Has a electrical device having a separate ID provided with a microphone for converting sound into electrical signals, and a central processing unit with a built-in voice recognition means are connected with the electrical equipment and the line, the operator of the electrical device Inputs an operation command from the microphone, the electric device sends a voice signal and the individual ID to the central processing means, and the central processing means performs voice recognition processing of the transmitted voice signal and the voice. It is an operation command that is accepted by identifying the electrical device that has sent the signal, searching the voice signal for each electrical device from the audio signal, and determining whether the operation command is accepted by the electrical device. If the stipulated by electrical equipment in advance the electric device based on if the processing result is verified is accepted examined whether the conditions which are accepted now as the central processing unit Network speech recognition system configured to transmit a predetermined operating output to the electrical device.

The network voice recognition system according to claim 1, comprising a plurality of the electric devices.

2. The electric apparatus comprising means for converting the sound into an electric signal further comprises an A / D converter, and is configured to convert the sound into a digital signal and transmit it to the central processing means via a line. Network voice recognition system.

The network speech recognition system according to claim 1, wherein the speech recognition processing performed by the central processing unit is speech recognition processing based on linear prediction analysis (LPC), vector quantization (VQ), and hidden Markov model (HMM).

2. The network according to claim 1, wherein the central processing unit is configured to synthesize a predetermined voice from the memory and transmit it via a line when a message needs to be transmitted to the electrical device based on a voice recognition processing result.
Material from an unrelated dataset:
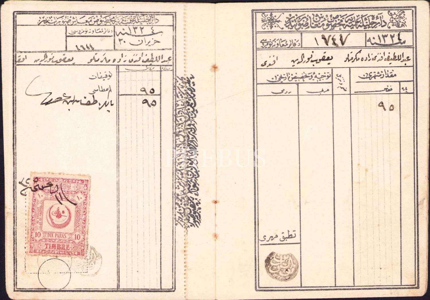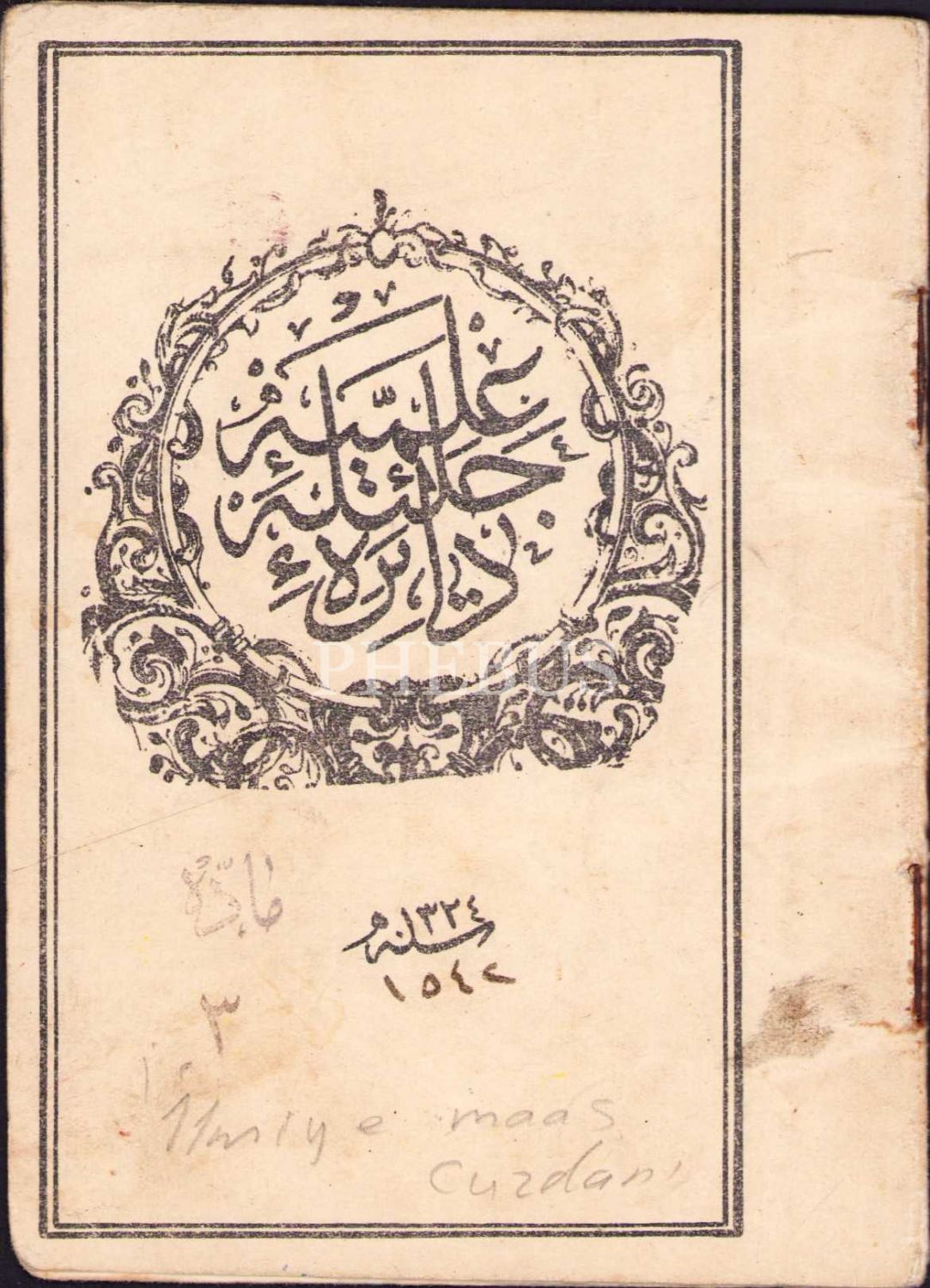 Osmanlıca ilmiye maaş cüzdanı, 1325 tarihli, 9x13 cm

Speech recognition system.

2. The network voice recognition system according to claim 1, wherein the central processing unit includes hardware for performing voice recognition and a program for performing software processing.

The electrical device converts the sound into an electrical signal, the electrical device transmits the audio signal and the individual ID, and the central processing unit identifies the electrical device by the transmitted individual ID and Performing a voice recognition process; searching a voice list registered for each electric device from the voice signal to determine whether the electric device is an operation command to be accepted; It is composed of a step of transmitting a predetermined operation output determined in advance by the electric device and the central processing unit to the electric device based on a processing result if the device is confirmed and checked and accepted . Network speech recognition method.

The electrical device converts the sound into an electrical signal, the electrical device transmits the speech signal and the individual ID, and the central processing unit identifies the electrical device by the transmitted individual ID, A step of performing speech recognition processing; a speech list registered for each electrical device is searched from the speech signal to determine whether the electrical command is accepted; If the device is confirmed and checked to be accepted, and if it is accepted, a predetermined operation output determined in advance by the electric device and the central processing unit based on a processing result is transmitted to the electric device . Network speech recognition program.